Communities Shaping Next Steps

One of the workshop’s strongest outcomes was the shift from dialogue to action planning. Farmer groups and stakeholders worked in breakout sessions to develop sustainability action plans covering harvesting, marketing, reinvestment, input sourcing, restocking, accountability meetings, and day-to-day management. The process reinforced the role of farmer groups not only as beneficiaries, but as active drivers of continuity, ownership, and scale.

The workshop also reflected a strong focus on Gender Equality, Disability and Social Inclusion (GEDSI), bringing community groups, women, government representatives, researchers, academia, NGOs and private-sector actors into discussions on training needs, market participation, seed access and long-term support systems.

Markose Chekol Zewdie presents the experimental design and preliminary findings from the pond-based IMTA pilots. Photo: David Midumbi.
Markose Chekol Zewdie presents the experimental design and preliminary findings from the pond-based IMTA pilots. Photo: David Midumbi/WorldFish. 
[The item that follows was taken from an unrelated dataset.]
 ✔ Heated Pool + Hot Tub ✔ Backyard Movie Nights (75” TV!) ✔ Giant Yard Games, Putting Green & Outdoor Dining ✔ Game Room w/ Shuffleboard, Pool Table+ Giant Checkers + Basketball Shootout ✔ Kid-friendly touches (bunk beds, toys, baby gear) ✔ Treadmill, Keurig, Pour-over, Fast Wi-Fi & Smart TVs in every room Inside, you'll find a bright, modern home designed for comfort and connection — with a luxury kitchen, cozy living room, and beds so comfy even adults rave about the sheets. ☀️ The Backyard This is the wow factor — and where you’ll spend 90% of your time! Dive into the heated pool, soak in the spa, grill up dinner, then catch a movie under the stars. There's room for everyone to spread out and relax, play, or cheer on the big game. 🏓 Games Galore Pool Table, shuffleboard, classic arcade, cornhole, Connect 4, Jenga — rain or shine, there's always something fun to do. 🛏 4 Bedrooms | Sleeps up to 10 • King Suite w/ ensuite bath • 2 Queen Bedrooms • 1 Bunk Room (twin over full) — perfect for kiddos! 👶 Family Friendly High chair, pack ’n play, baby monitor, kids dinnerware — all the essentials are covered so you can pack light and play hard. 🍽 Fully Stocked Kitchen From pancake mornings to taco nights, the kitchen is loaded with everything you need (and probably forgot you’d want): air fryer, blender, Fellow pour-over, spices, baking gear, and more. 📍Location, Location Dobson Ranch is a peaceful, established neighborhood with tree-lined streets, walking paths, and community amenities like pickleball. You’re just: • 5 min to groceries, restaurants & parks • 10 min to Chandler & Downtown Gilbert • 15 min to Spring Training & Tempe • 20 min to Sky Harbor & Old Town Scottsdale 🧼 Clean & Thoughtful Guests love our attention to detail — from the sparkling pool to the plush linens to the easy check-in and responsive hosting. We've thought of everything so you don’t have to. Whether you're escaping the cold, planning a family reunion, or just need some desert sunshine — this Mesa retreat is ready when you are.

Discussions throughout the workshop pointed to clear priorities for the next phase of work, including strengthening local seed systems, expanding technical assistance and biosecurity training, improving business planning and market strategies, and deepening coordination among communities, KMFRI, KeFS, county governments, academia, and private-sector partners. Participants also emphasized the need for more enabling regulatory processes and stronger institutional collaboration to support wider IMTA adoption.
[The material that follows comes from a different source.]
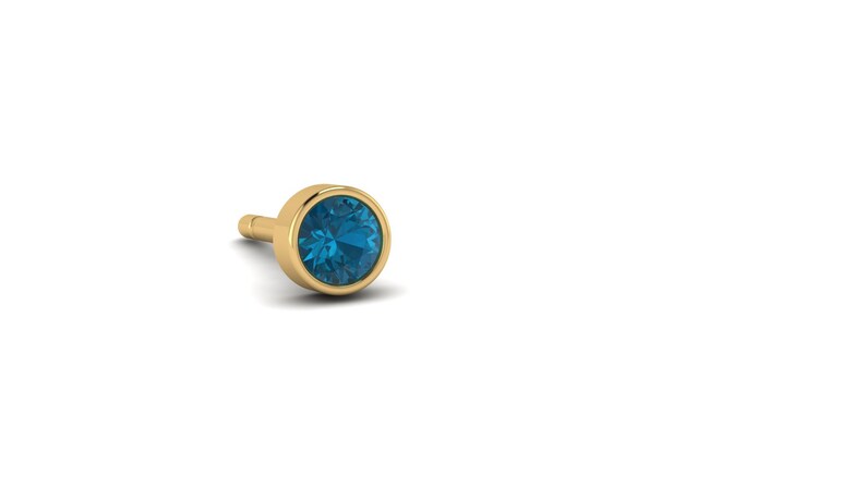 A 1/2 pair of genuine petite round London Blue Topaz creates this bezel set stud in solid 14k solid gold. Great for stacking, worn individually or paired with other types of stud or hoop earrings. As in all our jewelry, these earrings are made to order in our factory in New York City. The picture has been enlarged to show detail.
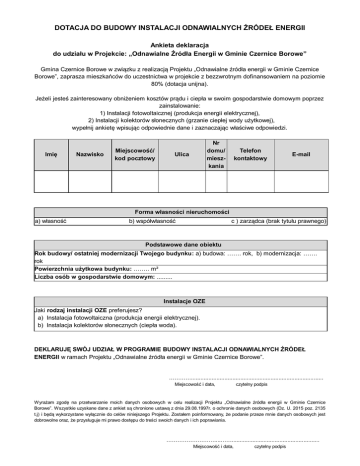 DOTACJA DO BUDOWY INSTALACJI ODNAWIALNYCH ŹRÓDEŁ ENERGII Ankieta deklaracja do udziału w Projekcie: „Odnawialne Źródła Energii w Gminie Czernice Borowe” Gmina Czernice Borowe w związku z realizacją Projektu „Odnawialne źródła energii w Gminie Czernice Borowe”, zaprasza mieszkańców do uczestnictwa w projekcie z bezzwrotnym dofinansowaniem na poziomie 80% (dotacja unijna). Jeżeli jesteś zainteresowany obniżeniem kosztów prądu i ciepła w swoim gospodarstwie domowym poprzez zainstalowanie: 1) Instalacji fotowoltaicznej (produkcja energii elektrycznej), 2) Instalacji kolektorów słonecznych (grzanie ciepłej wody użytkowej), wypełnij ankietę wpisując odpowiednie dane i zaznaczając właściwe odpowiedzi. Imię Nazwisko Miejscowość/ kod pocztowy Nr domu/ mieszkania Ulica Telefon kontaktowy E-mail Forma własności nieruchomości a) własność b) współwłasność c ) zarządca (brak tytułu prawnego) Podstawowe dane obiektu Rok budowy/ ostatniej modernizacji Twojego budynku: a) budowa: ……. rok, b) modernizacja: ……. rok Powierzchnia użytkowa budynku: .……. m² Liczba osób w gospodarstwie domowym: ......... Instalacje OZE Jaki rodzaj instalacji OZE preferujesz? a) Instalacja fotowoltaiczna (produkcja energii elektrycznej). b) Instalacja kolektorów słonecznych (ciepła woda). DEKLARUJĘ SWÓJ UDZIAŁ W PROGRAMIE BUDOWY INSTALACJI ODNAWIALNYCH ŹRÓDEŁ ENERGII w ramach Projektu „Odnawialne źródła energii w Gminie Czernice Borowe”. …………................................................................................... Miejscowość i data, czytelny podpis Wyrażam zgodę na przetwarzanie moich danych osobowych w celu realizacji Projektu „Odnawialne źródła energii w Gminie Czernice Borowe”. Wszystkie uzyskane dane z ankiet są chronione ustawą z dnia 29.08.1997r. o ochronie danych osobowych (Dz. U. 2015 poz. 2135 t.j) i będą wykorzystane wyłącznie do celów niniejszego Projektu. Zostałem poinformowany, że podanie przeze mnie danych osobowych jest dobrowolne oraz, że przysługuje mi prawo dostępu do treści swoich danych i ich poprawiania. ………………………...……....................................................... Miejscowość i data, czytelny podpis

By the close of the workshop, IMTA had emerged not simply as a promising pilot approach, but as a realistic pathway for climate-smart mariculture development in Kenya. While the pilot systems are already generating valuable evidence and stakeholder momentum, participants emphasized that long-term success would depend on sustained investment in seed systems, technical support, market linkages, biosecurity, and collaborative partnerships capable of turning early gains into durable community enterprises.

Cover photo: Esther Wairimu, AABS lead for integrated multi-trophic aquaculture in Kenya, outlines the workshop objectives, AABS project framework and implementation progress. Photo: David Midumbi/WorldFish.